Nvidia RTX 5070 Beats Memory Shortages, Becomes Steam’s Top GPU Amid Questions
Photo by Brecht Corbeel (unsplash.com/@brechtcorbeel) on Unsplash
While most GPUs still wrestle with memory shortages, Nvidia’s RTX 5070 has surged past them to become Steam’s top GPU, Tomshardware reports, though the methodology behind the rise is being questioned.
Key Facts
- •Key company: Nvidia
According to Tom’s Hardware, the GeForce RTX 5070 posted a 9.42 % share of Steam’s hardware usage in February 2026, a 6.55 percentage‑point jump from the previous month. With Steam’s concurrent‑user base hovering around 36 million, that increase translates to roughly 2.1 million additional gamers reporting the 5070 as their active GPU. The surge is notable because the RTX 5060 series, which suffered from the industry‑wide 24‑GB GDDR6X memory shortage, had been the platform’s leader for the past 18 months. The RTX 5070, launched at a $549 MSRP and now selling about 15 % above that price, appears to have sidestepped the bottleneck, according to the same Tom’s Hardware analysis, which credits the card’s “Blackwell” architecture for more efficient memory utilization.
The report also highlights a demographic shift that may be inflating the RTX 5070’s apparent dominance. Tom’s Hardware points out that 54.6 % of the respondents in February were based in China—a 30.74 percentage‑point rise from the prior survey period. The timing coincides with the seven‑day Chinese New Year holiday, during which millions of Chinese gamers have increased leisure time. Moreover, the outlet notes that many of these users are likely logging in from internet‑café machines rather than personal rigs; a single high‑end café can host 10‑20 systems, each reporting the same GPU model to Steam’s survey.
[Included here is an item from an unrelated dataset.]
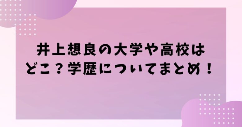 そんな井上想良さんの大学や高校はどこか知りたいファンも多いはずです!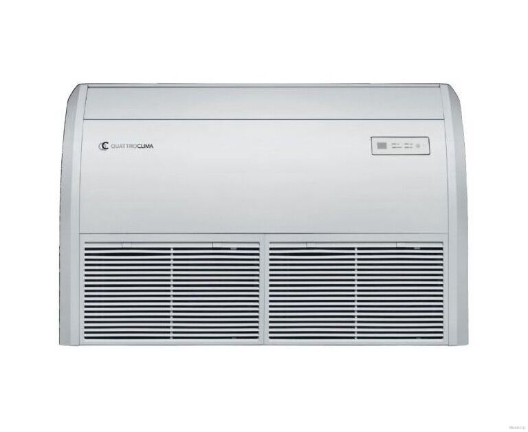 - Важная деталь: Сплит-система Quattroclima QV-I18FF1/QN-I18UF напольно-потолочного типа незаменима в тех случаях, когда требуется установка на полу, вдоль стены или под потолком, а скрытая установка кассетного блока невозможна из-за отсутствия в помещении подвесного потолка или потому, что оно слишком вытянуто по форме.

This concentration effect can dramatically skew the platform’s aggregated statistics, a caveat that Valve has not publicly addressed, Tom’s Hardware says.
While the raw numbers suggest a “meteoric” rise, the methodology behind Steam’s hardware survey has been questioned by industry observers. The platform aggregates data from active Steam clients, but it does not differentiate between unique users and multiple sessions on shared hardware. Tom’s Hardware warns that the lack of transparency makes it difficult to verify whether the RTX 5070’s market share reflects genuine consumer demand or an artifact of regional gaming‑café traffic. The outlet draws a parallel to a similar spike in AMD processor usage a few years earlier, which was later attributed to a surge in Chinese cloud‑gaming services rather than a wholesale shift in retail purchases.
Despite the methodological concerns, the RTX 5070’s performance metrics remain compelling. The card’s 24‑GB GDDR6X pool, combined with a higher memory bandwidth per core, allows it to sustain higher frame rates in 1440p and entry‑level 4K titles without the throttling seen on the RTX 5060 series. Tom’s Hardware notes that the card’s price premium—approximately $82 over MSRP—has not deterred adoption among gamers seeking a “future‑proof” solution amid ongoing supply constraints. Nvidia’s own marketing, referenced in the article’s image caption, positions the RTX 5070 as the “upper‑midrange Blackwell powerhouse,” reinforcing the narrative that the GPU can deliver premium performance without the scarcity that has plagued its predecessors.
Analysts will likely watch how Valve’s next hardware survey adjusts for regional anomalies and shared‑device reporting. If the RTX 5070’s share stabilizes above the 8‑9 % range after accounting for these factors, it could signal a genuine market pivot toward Nvidia’s newer architecture, potentially reshaping the competitive landscape against AMD’s Radeon 7000 series. Conversely, if the corrected figures revert to pre‑holiday levels, the episode will serve as a cautionary tale about over‑reliance on aggregated telemetry without granular user‑level validation. For now, the RTX 5070’s ascent—whether real or statistical—underscores how geopolitical events and local gaming habits can ripple through global hardware metrics.
Sources
This article was created using AI technology and reviewed by the SectorHQ editorial team for accuracy and quality.